Problem to solve.
A verbatim copy of all the data is required; the pictures should not appear in it.

Source material.
· · · · · · ·

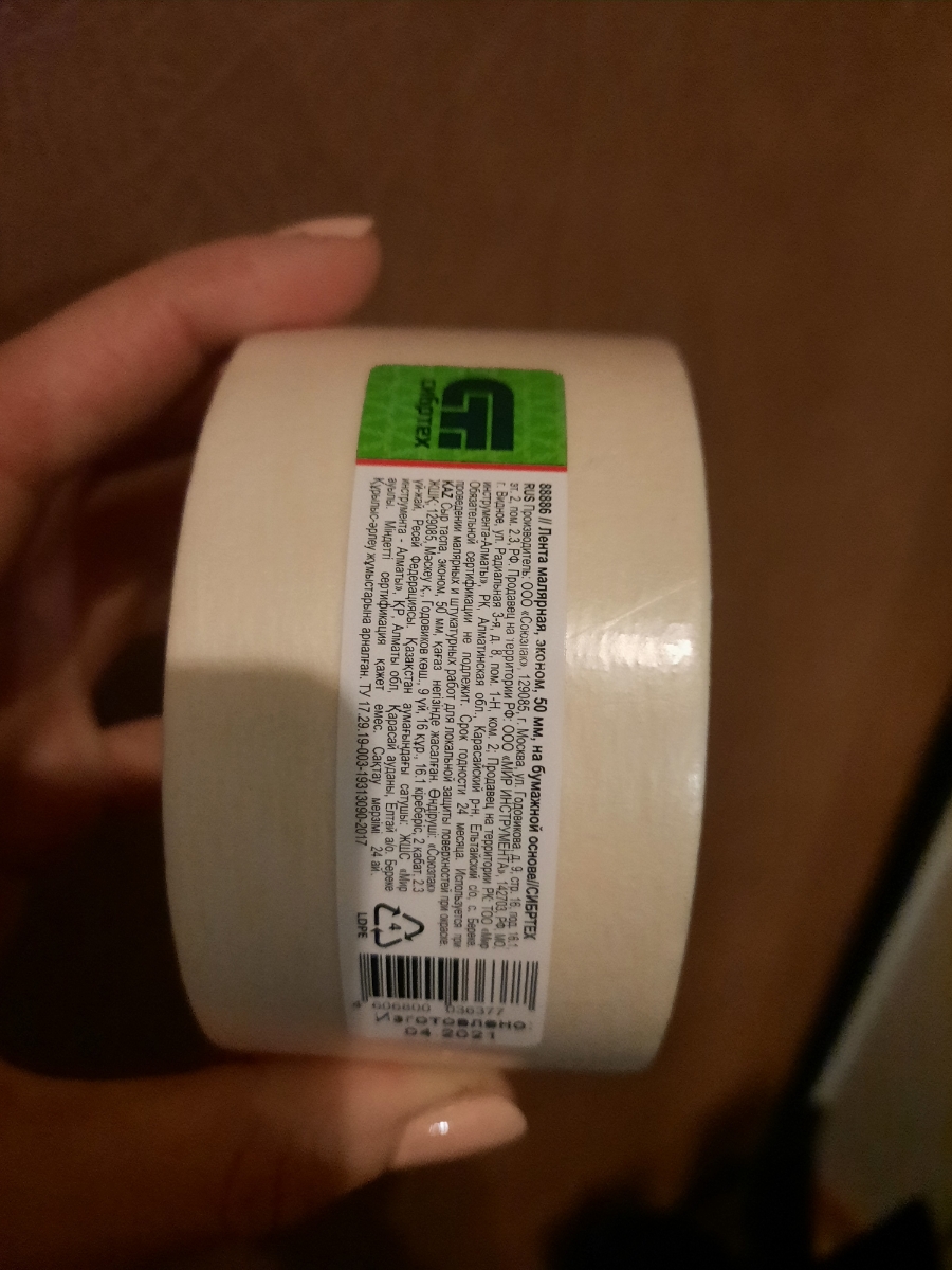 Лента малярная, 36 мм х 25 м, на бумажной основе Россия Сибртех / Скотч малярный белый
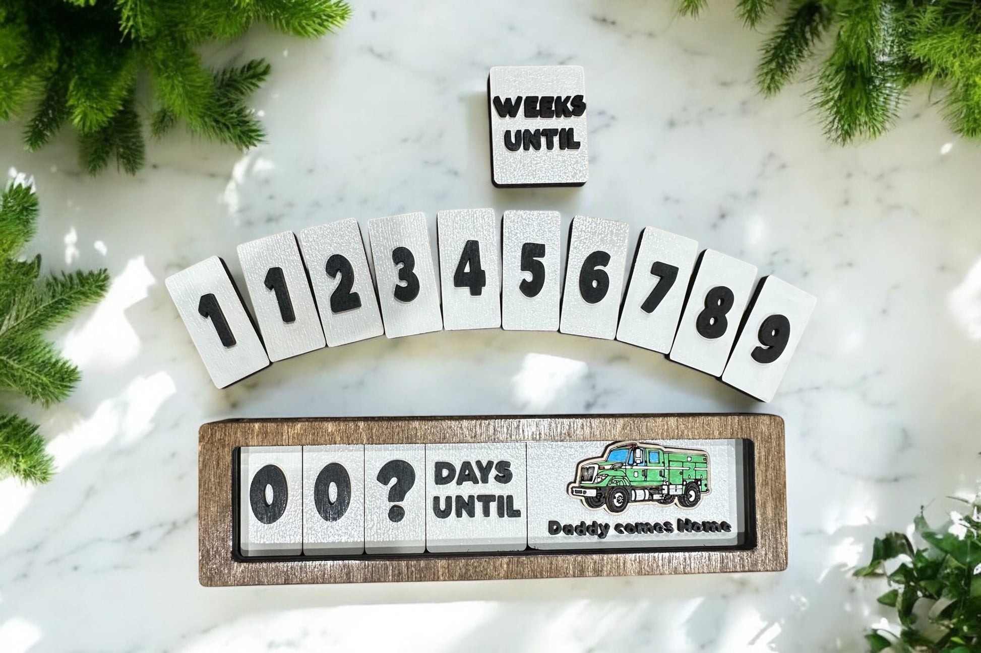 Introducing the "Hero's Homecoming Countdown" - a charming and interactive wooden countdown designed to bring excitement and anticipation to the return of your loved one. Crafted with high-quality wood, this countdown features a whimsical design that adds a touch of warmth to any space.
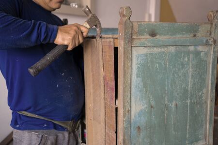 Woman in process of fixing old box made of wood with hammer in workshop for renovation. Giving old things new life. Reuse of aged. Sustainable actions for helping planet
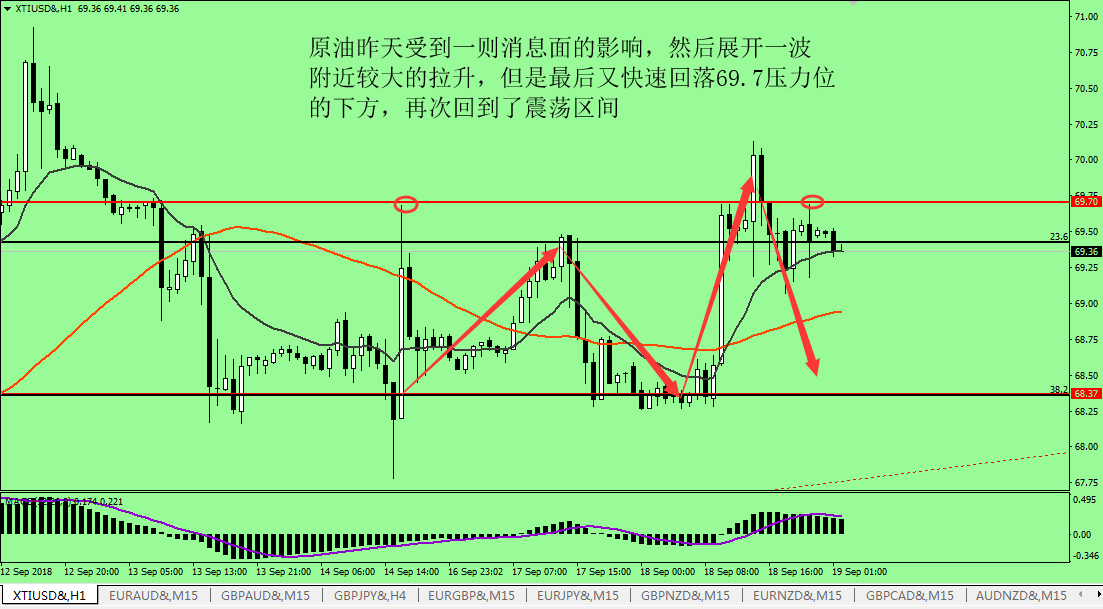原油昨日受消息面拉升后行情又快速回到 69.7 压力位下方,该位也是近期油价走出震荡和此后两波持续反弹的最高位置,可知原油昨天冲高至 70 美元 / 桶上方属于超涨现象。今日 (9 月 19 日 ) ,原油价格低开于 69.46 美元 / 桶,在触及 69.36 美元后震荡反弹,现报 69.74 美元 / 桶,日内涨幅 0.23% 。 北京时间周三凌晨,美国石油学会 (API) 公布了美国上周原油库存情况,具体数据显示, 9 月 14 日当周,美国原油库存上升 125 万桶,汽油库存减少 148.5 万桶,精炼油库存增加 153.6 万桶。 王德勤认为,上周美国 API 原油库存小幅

· · · · · · ·

Response to the task.
 Лента малярная, 36 мм х 25 м, на бумажной основе Россия Сибртех / Скотч малярный белый
 Introducing the "Hero's Homecoming Countdown" - a charming and interactive wooden countdown designed to bring excitement and anticipation to the return of your loved one. Crafted with high-quality wood, this countdown features a whimsical design that adds a touch of warmth to any space.
 Woman in process of fixing old box made of wood with hammer in workshop for renovation. Giving old things new life. Reuse of aged. Sustainable actions for helping planet
原油昨日受消息面拉升后行情又快速回到 69.7 压力位下方,该位也是近期油价走出震荡和此后两波持续反弹的最高位置,可知原油昨天冲高至 70 美元 / 桶上方属于超涨现象。今日 (9 月 19 日 ) ,原油价格低开于 69.46 美元 / 桶,在触及 69.36 美元后震荡反弹,现报 69.74 美元 / 桶,日内涨幅 0.23% 。 北京时间周三凌晨,美国石油学会 (API) 公布了美国上周原油库存情况,具体数据显示, 9 月 14 日当周,美国原油库存上升 125 万桶,汽油库存减少 148.5 万桶,精炼油库存增加 153.6 万桶。 王德勤认为,上周美国 API 原油库存小幅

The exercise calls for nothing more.